From the line below that contains "名职工捐书本数的平均数、众数和中位数;" to the line that contains "#PURPE Один и", repeat every line exactly, both ends included, and nothing else.

• _MATERIAL TO PROCESS_
↓↓↓

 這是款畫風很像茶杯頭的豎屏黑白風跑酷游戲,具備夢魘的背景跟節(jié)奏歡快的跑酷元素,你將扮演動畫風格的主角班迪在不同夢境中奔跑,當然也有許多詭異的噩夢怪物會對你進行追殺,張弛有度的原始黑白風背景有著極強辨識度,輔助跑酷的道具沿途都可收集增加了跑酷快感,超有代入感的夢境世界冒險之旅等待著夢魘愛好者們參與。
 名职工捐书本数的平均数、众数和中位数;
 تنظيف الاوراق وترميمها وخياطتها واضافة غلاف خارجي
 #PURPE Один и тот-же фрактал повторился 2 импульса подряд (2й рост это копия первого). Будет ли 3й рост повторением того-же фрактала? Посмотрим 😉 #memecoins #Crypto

↑↑↑
↓↓↓

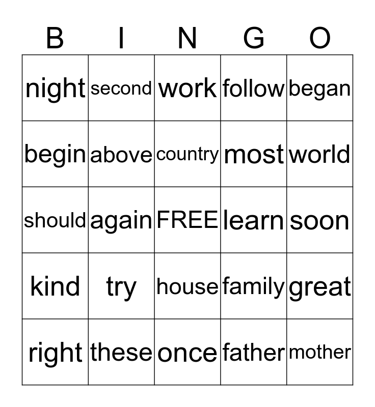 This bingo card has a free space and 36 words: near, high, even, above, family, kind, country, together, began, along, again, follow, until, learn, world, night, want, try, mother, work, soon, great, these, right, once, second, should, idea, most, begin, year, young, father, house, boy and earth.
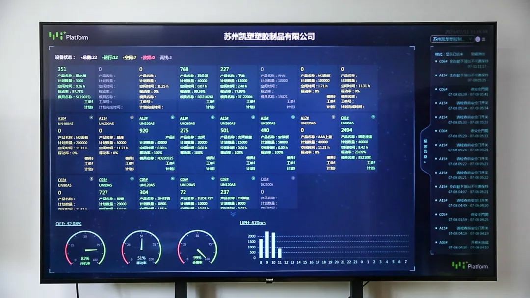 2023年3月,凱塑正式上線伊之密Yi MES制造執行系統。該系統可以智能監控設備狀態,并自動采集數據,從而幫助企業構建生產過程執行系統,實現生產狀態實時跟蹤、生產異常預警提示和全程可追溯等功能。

↑↑↑

• _REPLY TO THE EXERCISE_
 名职工捐书本数的平均数、众数和中位数;
 تنظيف الاوراق وترميمها وخياطتها واضافة غلاف خارجي
 #PURPE Один и тот-же фрактал повторился 2 импульса подряд (2й рост это копия первого). Будет ли 3й рост повторением того-же фрактала? Посмотрим 😉 #memecoins #Crypto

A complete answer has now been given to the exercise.